开发者

DDD: GetHashCode and primary id

I have seen DDD Domain implementations where entities rely on the primary key ID when building Equals/GetHashCode methods. I understand why it is a good idea, as the primary key might be the only member which is not mutable. But there might also be situations where it is no good idea, though.

Think about a Dictionary, holding entities whi开发者_C百科ch where just instantiated. The primary key (assume it is an auto-incrementing value, not a "business-related" value) is not assigned yet, it might be 0 on each entity. Now, the entities within the Dictionary will be saved. This implies a change of the primary key resulting in a different hash code.

My question: what pattern should be used regarding GetHashCode if no business-related primary key is available and all members are mutable?

Thank you in advance.


In such cases, I only rely on the Id in the Equals and GetHashcode methods, if the Id has been assigned. In other cases, I compare for equality using the reference. The same goes for the GetHashCode implementation; I only create a hashcode based on the 'Id', if the Id has been assigned. (That is, if the entity is not transient).

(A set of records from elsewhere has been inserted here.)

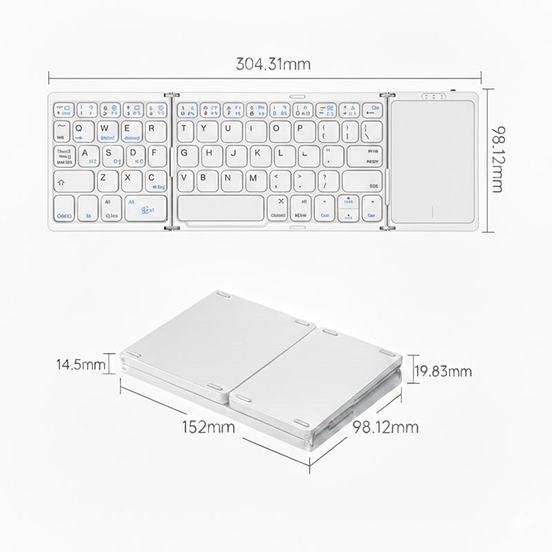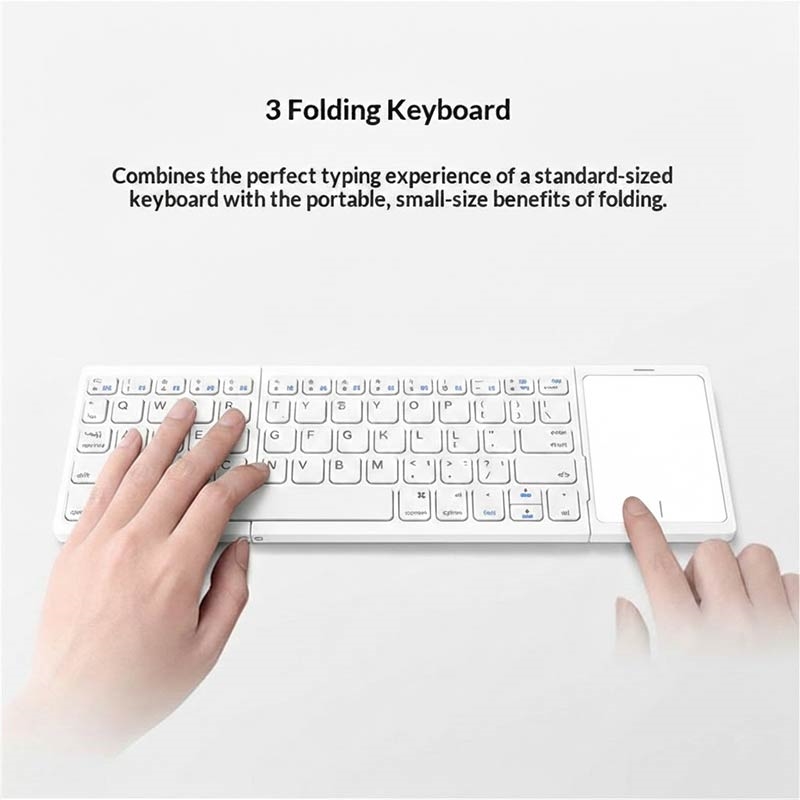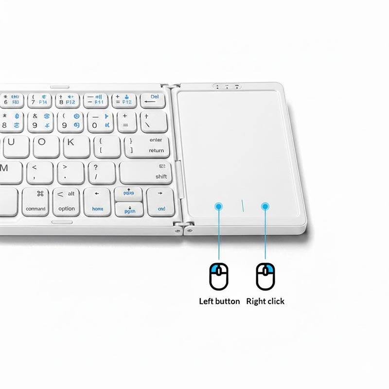 Työskentele mukavasti missä tahansa B089-taitettavan langattoman näppäimistön ja kosketuslevyn avulla. Sen ohut, kolmiosainen muotoilu mahtuu helposti kannettavan tietokoneen laukkuun, ja sisäänrakennettu kosketuslevy mahdollistaa sujuvan navigoinnin ilman erillistä hiirtä. Se on suunniteltu puhelimille, tableteille ja kannettaville tietokoneille, ja se on ihanteellinen matkustamiseen, etätyöhön ja päivittäiseen tuottavuuteen.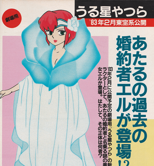 ’83年2月に公開予定の劇場用『うる星やつら』の新キャ ラクターとして、あたるの婚約者と名乗る謎の美少 女エルが登場。はたして、その正体は何者?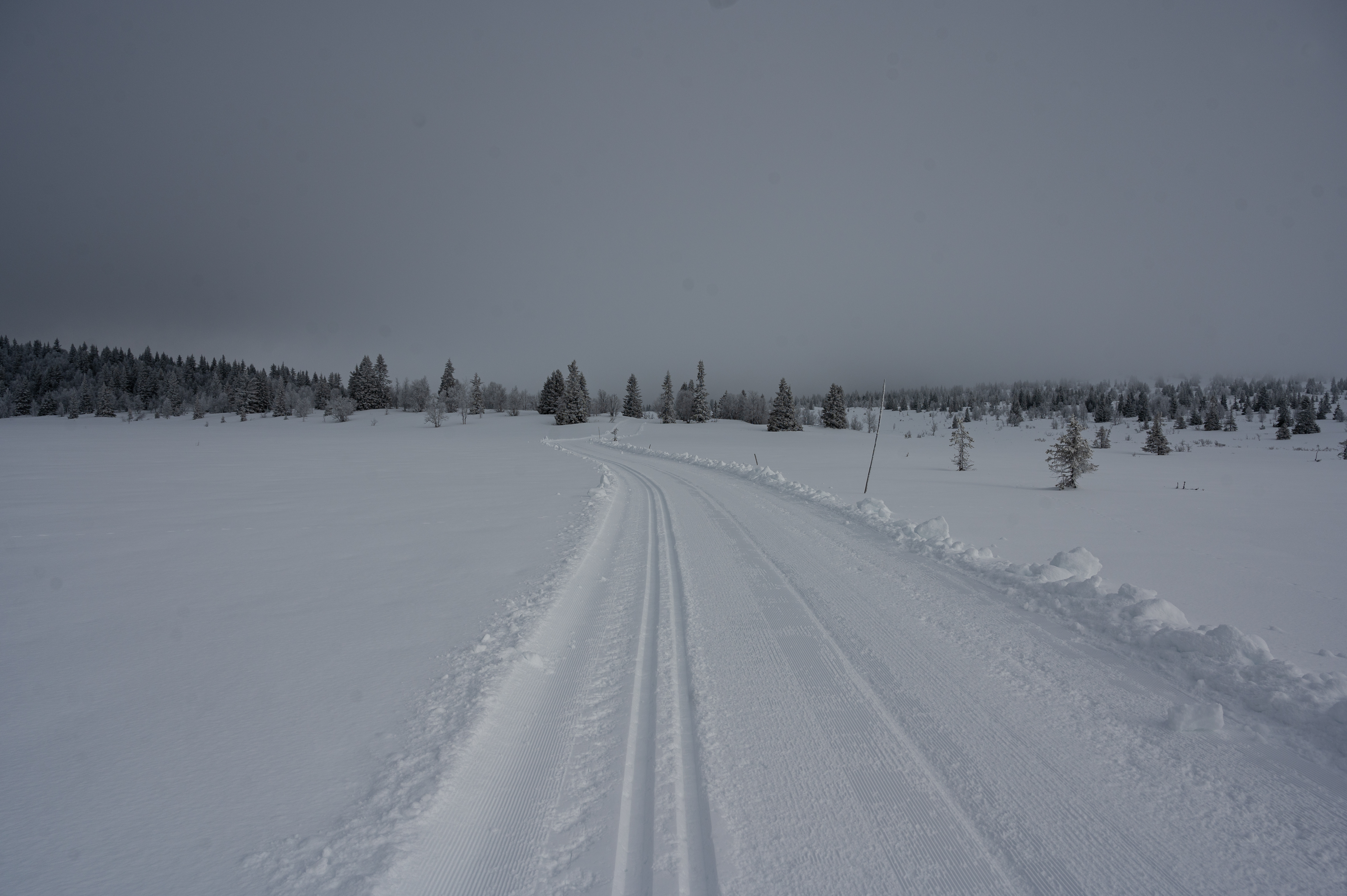 Bei Nysætra angekommen, muss ich feststellen, dass die Loipe wohl diesen Winter nicht bedient wird, und jetzt noch querfeldein zu laufen, darauf habe ich echt nicht mehr den Sinn. Also weiter der Loipe nach und zwei zusätzliche Kilometer auf der Troll-Loipe. So langsam schleppe ich mich auch nur noch über die Piste. Die Luft ist für heute gänzlich raus, die Schulter zieht höllisch, und ich mache drei Kreuze, wenn ich gleich an der Wandervereinshütte angekommen bin. Dann kommt endlich der Abzweig, dem ich nun 4 Kilometer bis zur Straße folge. Irgendwann kommt auch diese in Sicht, und es geht an die letzte Etappe für den Abend. Ich quäle mich die Loipe hoch bis zur Hütte, und witzigerweise habe ich diesen elendigen Anstieg noch genauso in Erinnerung wie bei der letzten Tour.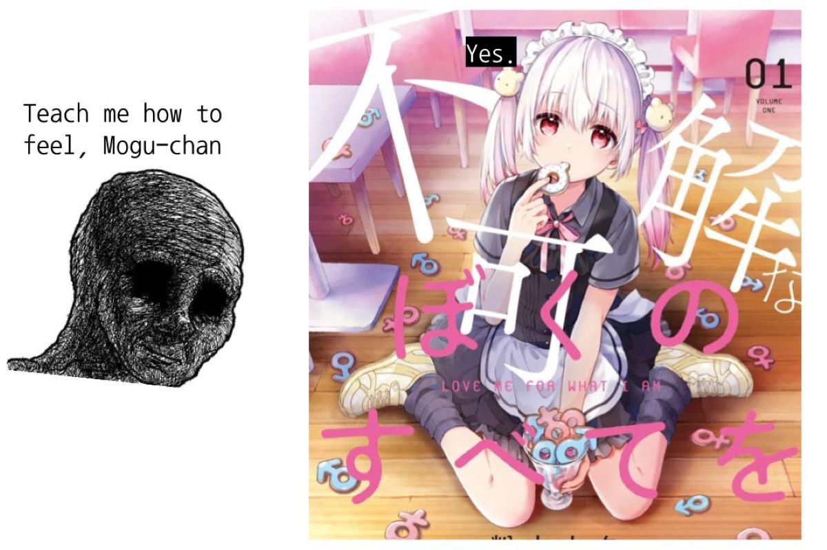 was because I read FukaBoku as a cloistered closet case, burning myself up with the knowledge that I couldn’t be upfront with my family regarding my gender identity (non-binary, and wanting to present myself similarly to Mogu-chan). This, despite the fact that my family would “Love Me For Who I Am,” so I just wound up burning myself on an ouroboros of hatred and frustration. It’s often said that people hate that which they relate to, or see parts of themselves in, the most; this is probably why Neon Genesis Evangelion has such a vocal hate-dom, and it’s certainly why I had such a strong revulsion to Mogu-chan’s character at first. I wanted a cute non-binary main character in a cute slice-of-life series, and they were just… obnoxious, loud, whiny, sensitive to the point of imposing on other people, all in spite of having friends offer themselves as a listening ear. I had none of their support network, at least offline, and none of their unpleasant traits, so what’s wrong with them, that I can be better?

The code below, is what I use. This is somewhat based on the entities in Sharp architecture:

        public override bool Equals( object obj )
        {
            Entity<TId> other = obj as Entity<TId>;

            if( other == null || this.GetType() != other.GetType() )
            {
                return false;
            }

            bool otherIsTransient = Equals (other.Id, default(TId));
            bool thisIsTransient = Equals (this.Id, default (TId));

            if( otherIsTransient && thisIsTransient )
            {
                return ReferenceEquals (this, other);
            }

            return Id.Equals (other.Id);

        }

First, I check whether both entities are of the same type. (Actually, you could create a typed version of this method as well, by implementing the correct interface (IEquality<T>) When both entities are of the same type, I check whether one of them is transient. I just do it by checking their Id property: if it contains the default value, it means that they haven't been saved in the DB yet. If both of them are transient, I compare both entities on their reference. Otherwise, I can compare them on their ID.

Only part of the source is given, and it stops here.